Femoral versus Radial Access in Primary Angioplasty. Analysis of the ACCEPT Registry

Detalhes bibliográficos
Autor(a) principal: Andrade,Pedro Beraldo de
Data de Publicação: 2014
Outros Autores: Andrade,Mônica Vieira Athanazio de, Barbosa,Robson Alves, Labrunie,André, Hernandes,Mauro Esteves, Marino,Roberto Luiz, Precoma,Dalton Bertolim, Sá,Francisco Carleial Feijó de, Berwanger,Otávio, Mattos,Luiz Alberto Piva e
Tipo de documento: Artigo
Idioma: eng
Título da fonte: Arquivos Brasileiros de Cardiologia (Online)

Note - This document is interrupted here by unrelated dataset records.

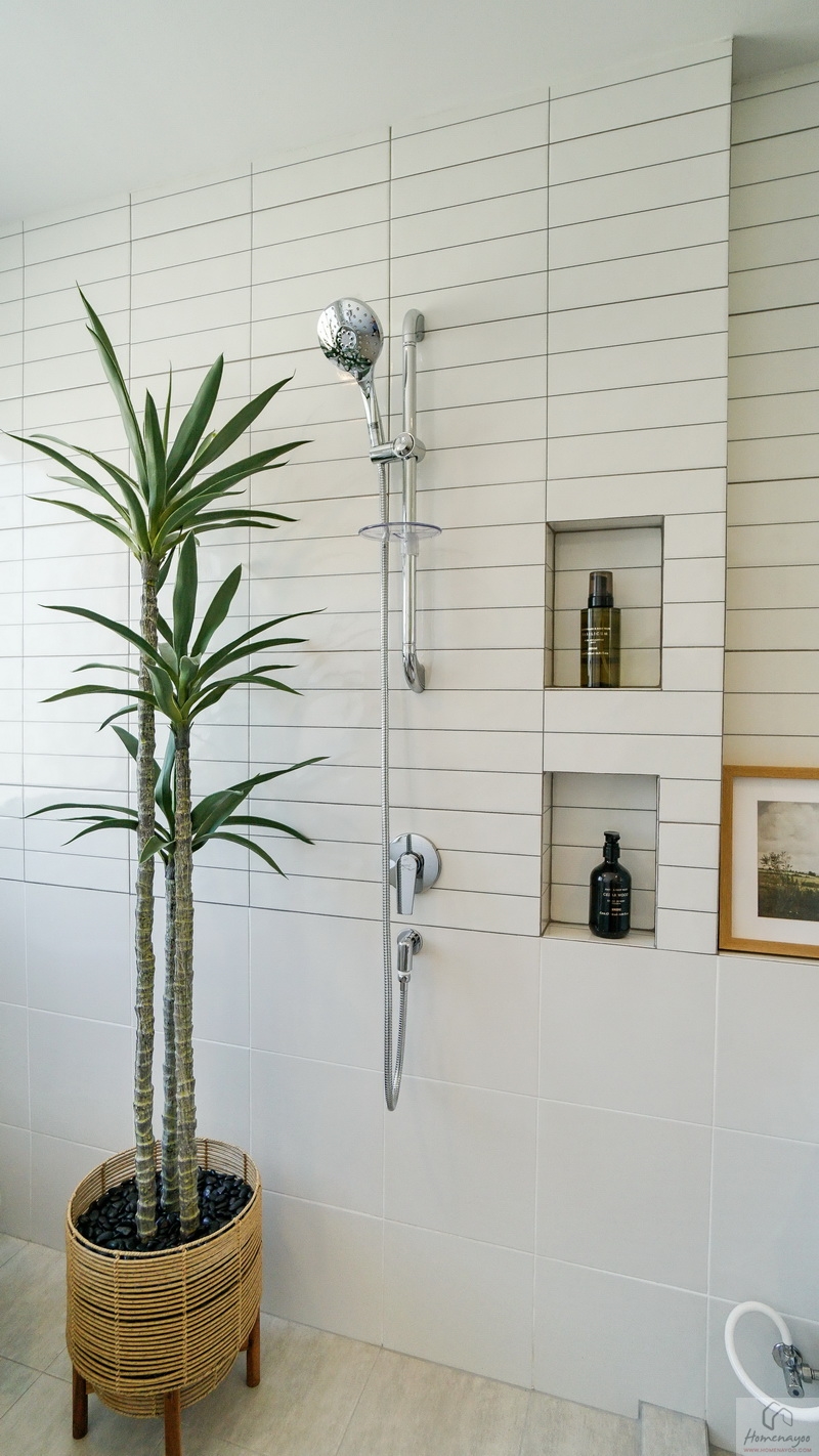 ใกล้กันคือมุมอาบน้ำใช้ฝักบัว Hand Shower มีราวปรับระดับสูง-ต่ำ ด้านข้างเจาะผนังเป็นที่วางของใช้ให้ 2 Step
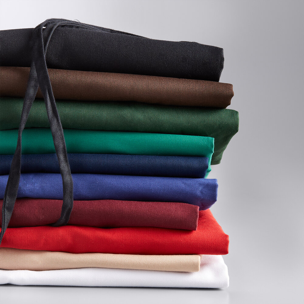 This apron is made of a strong poly-cotton blend, making it durable enough to withstand daily wear and tear. This construction even protects against pilling and shrinkage to maintain your staff's professional, uniform look. Plus, compared to traditional cotton apparel, the apron's color remains fade resistant regardless of how often you wash it.
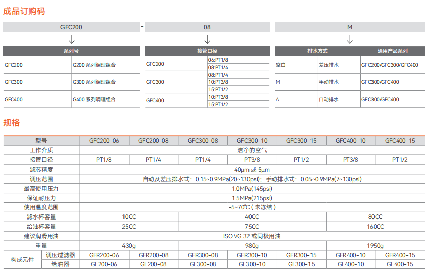 F.R.L. 组件 G 型元件 - 调压过滤器 GFR

Texto Completo: http://old.scielo.br/scielo.php?script=sci_arttext&pid=S0066-782X2014000600006
Resumo: Background:The radial access provides a lower risk of bleeding and vascular complications related to the puncture site in comparison to the femoral access. Recent studies have suggested a reduction in mortality associated with the radial access in patients with acute myocardial infarction undergoing percutaneous coronary intervention.Objective:To compare the occurrence of adverse cardiovascular ischemic and hemorrhagic events in patients undergoing primary angioplasty according to the type of arterial access route.Methods:From August 2010 to December 2011, 588 patients undergoing primary percutaneous coronary intervention during acute ST-segment elevation myocardial infarction were assessed; they were recruited from 47 centers participating in the ACCEPT registry. Patients were grouped and compared according to the arterial access used for the procedure.Results:The mean age was 61.8 years; 75% were males and 24% had diabetes mellitus. There was no difference between groups as regards the procedure success rate, as well as regards the occurrence of death, reinfarction, or stroke at six months of follow-up. Severe bleeding was reported in 1.1% of the sample analyzed, with no statistical difference related to the access used.Conclusions:The femoral and radial accesses are equally safe and effective for the performance of primary percutaneous coronary intervention. The low rate of cardiovascular events and of hemorrhagic complications reflects the quality of the participating centers and the operators expertise with the use of both techniques.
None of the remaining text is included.